Avatar Redazionale , il 21/01/03

21 anni fa -

Faccia spigolosa, occhi da gatto, personalità da vendere, cuore da Ninja. Con la Z 1000 Kawasaki fa il suo debutto nel segmento delle naked sportive. Un attrezzo molto "Fun", nato per divorare una curva dietro l'altra. Ha una bella ciclistica, un motore dalla doppia personalità e un prezzo interessante.

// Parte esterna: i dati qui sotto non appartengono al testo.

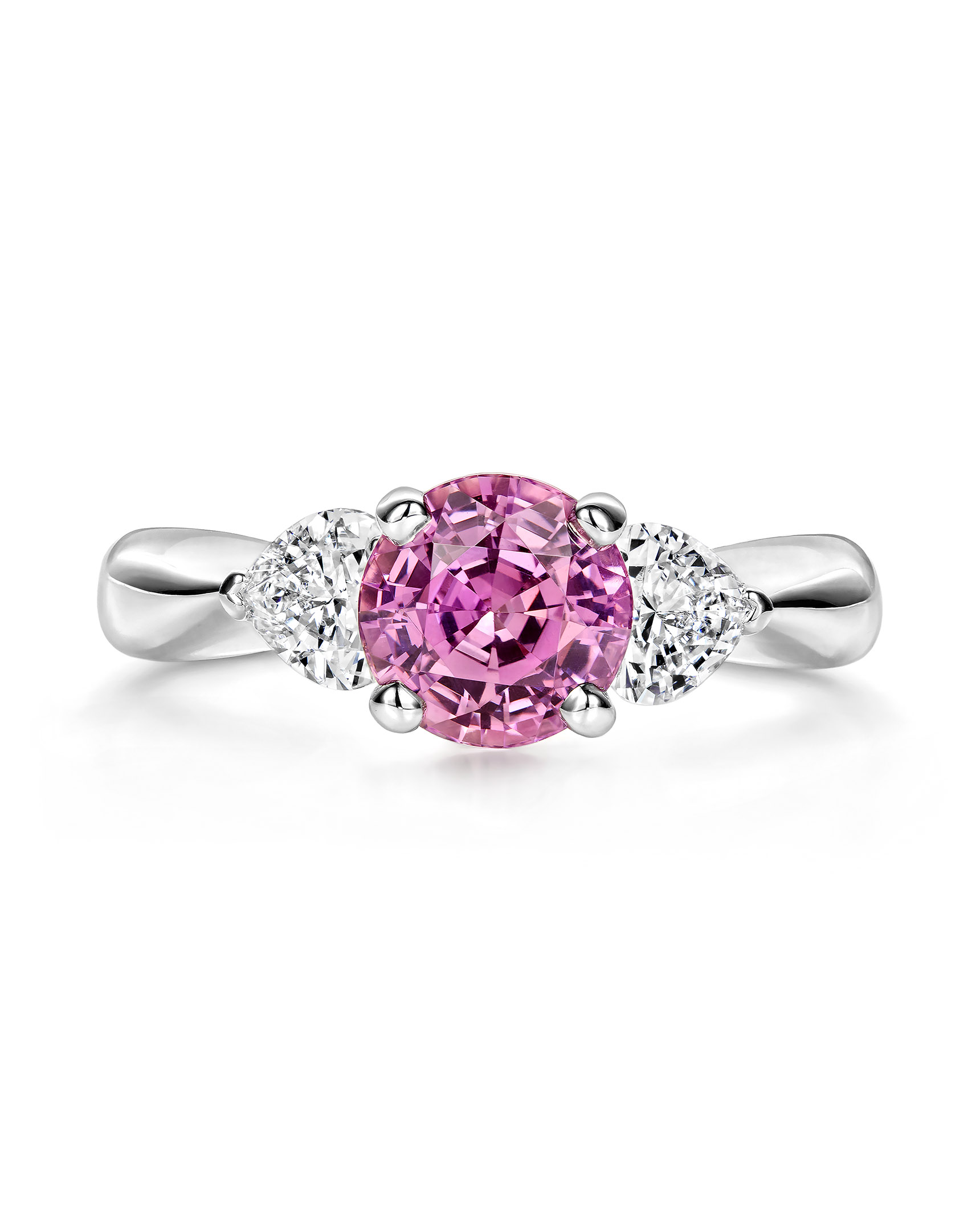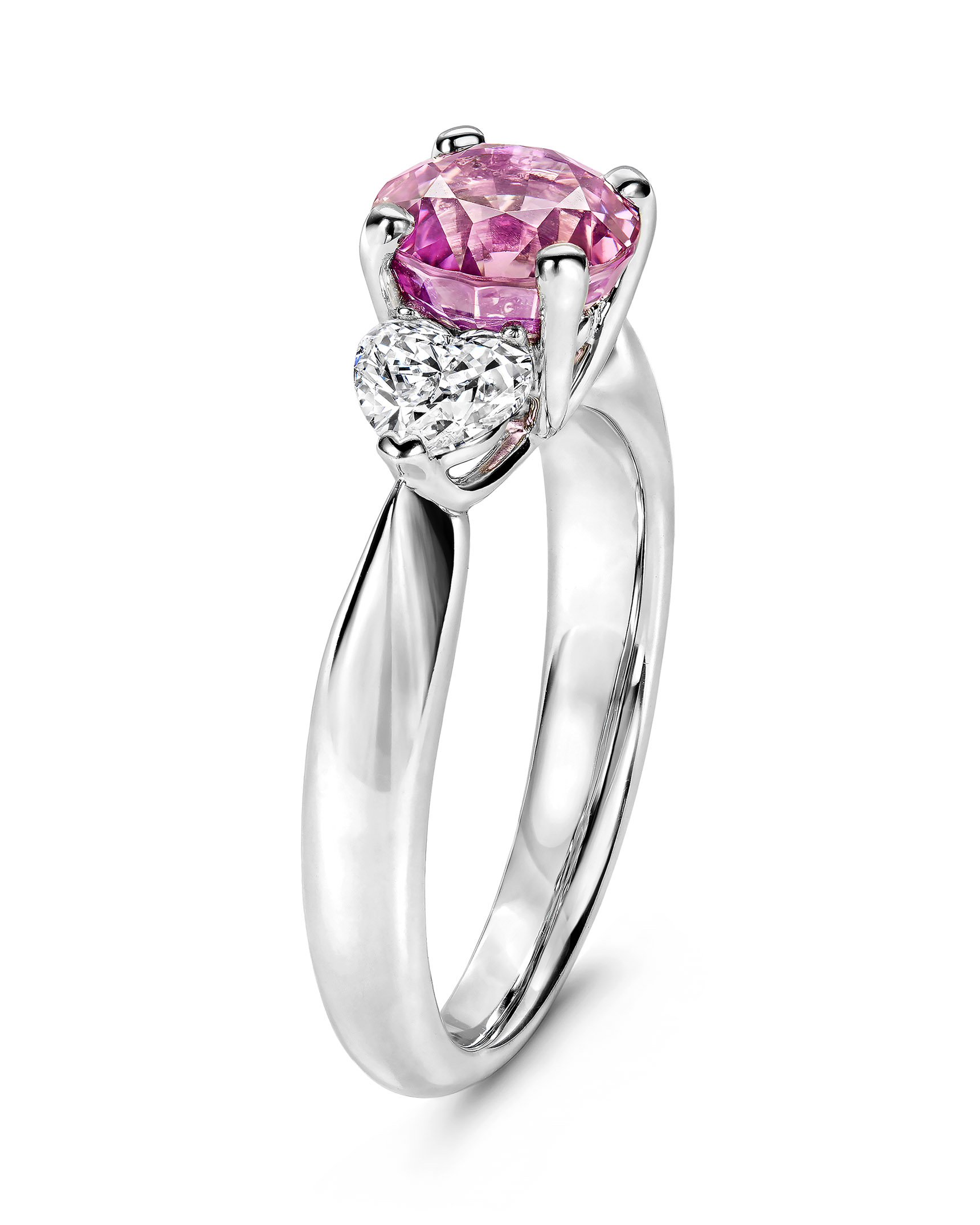 Platinum ring with a 2.21 carat rare round unheated pink sapphire with two heart-shaped diamonds (total weight of 0.66 carats) on the side.
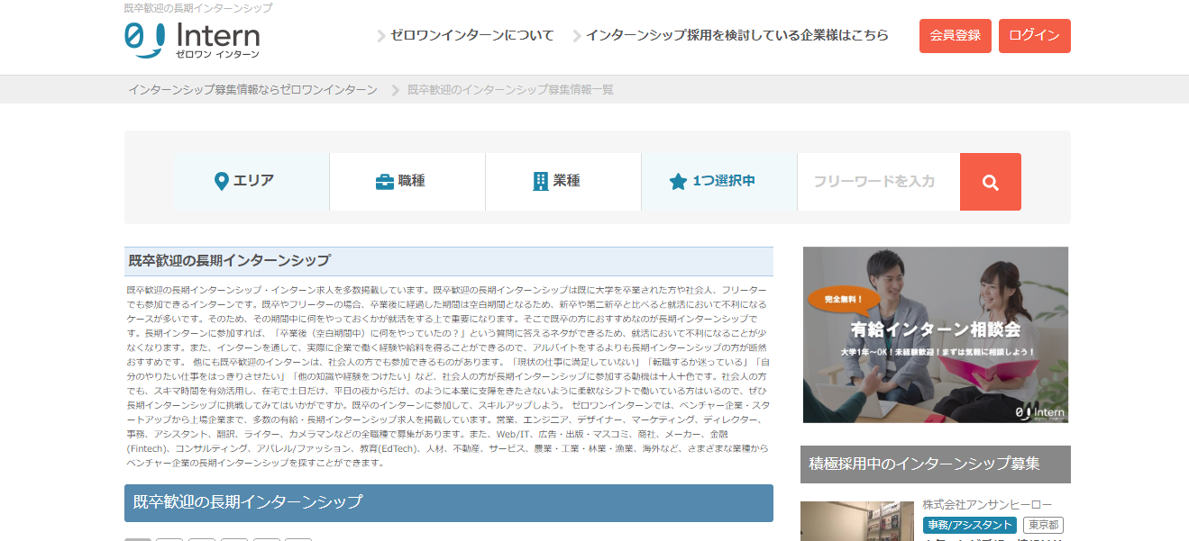 都内以外の日本全国各地のインターンが豊富なインターン募集サイトです。
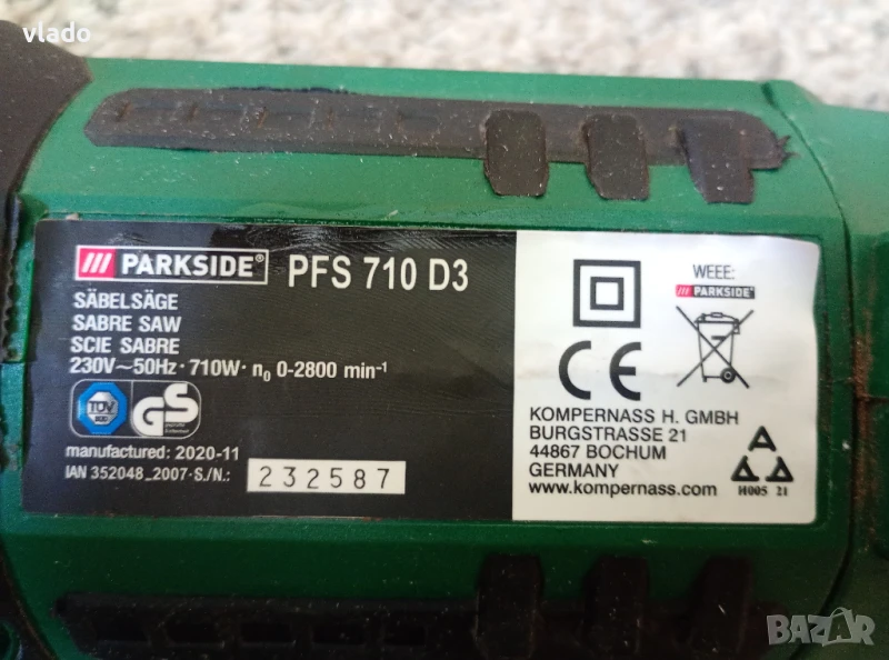 Продавам саблен трион Parkside за рязане на дърво, пластмаса, метал и леки материали.
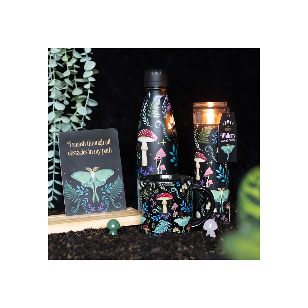 This black metal water bottle makes a great eco-friendly replacement for plastic and features a mystical forest print inspired by magickal plants. This item features a convenient screw-top lid to prevent accidental spills. 500ml capacity. Hand wash only. Do not microwave. Suitable for hot or cold beverages. BPA free.

COM'E' Tutto si può dire tranne che Kawasaki quest’anno non abbia osato. La voglia di togliere quelle voci di gamma un po’ stantia che circondano il marchio verdone, ha spinto manager, tecnici e progettisti tutti a cambiare politica commerciale e a sfornare dei modellini belli aggressivi.
È fatta, scorporato il big business delle petroliere (era la maggiore fonte di reddito per le Heavy Industries di Akashi), il prodotto moto assume una importanza di primo piano per Kawasaki. E siccome per guadagnare occorre vendere (e molto), ecco che ci scappa un rinnovamento generale della gamma, a partire, ovviamente dai segmenti più importanti. E Kawasaki osa, prima con la sportiva Ninja 600-636, poi con la Z 1000, Naked sportiva che va a colmare un bel vuoto all’interno della gamma verde lime. Una moto che mancava, che apre il capitolo due del nuovo corso Kawasaki da cui ormai è lecito attendersi altre piacevoli sorprese. Intanto, però, gustiamoci questa 1000 che per non smentire la innata voglia di sportività del marchio, eredita il motore di una Ninja la ZX-9R.

QUASI MILLE

Non così com’è, ci mancherebbe. Evidentemente, gli 899 cc della ZX-9R sono stati giudicati insufficienti per lo scopo cui erano destinati, per cui gli ingegneri di Akashi hanno pensato bene di dare un’alesatina ai cilindri, portando la cilindrata a 953 cc e di dotare il tutto di un bel sistema d’iniezione elettronica, con un quartetto di corpi farfallati da 38 mm (gli stessi delle aggressive ZX-6R), con tanto di farfalle secondarie per assicurare una risposta più morbida alle aperture del gas.

SCUDERIA BEN FORNITA

Della doppia farfalla ce n’è bisogno, sinceramente, perché con una potenza di 127 cavalli a 10.000 giri, e una coppia massima di 95 Nm a 8.000 giri, questo quattro cilindri promette faville. E la Z 1000 si candida senz’altro al premio di streetfighter più bombardona dell’anno 2003. I suoi propositi sono bellicosi: andare a dar fastidio a street fighter conclamate come la Triumph Speed Triple o la Aprilia Tuono, ma anche a Honda Hornet e Yamaha Fazer 1000.

NUOVA DENTRO

Incremento di cilindrata a parte, il quattro cilindri è stato profondamente modificato per sopportare senza troppi problemi i pistoni di diametro aumentato e offrire un maggiore coppia ai medi regimi. È Diversa anche la fusione della testata, con i condotti d’aspirazione più orizzontali come uso tra le moto naked.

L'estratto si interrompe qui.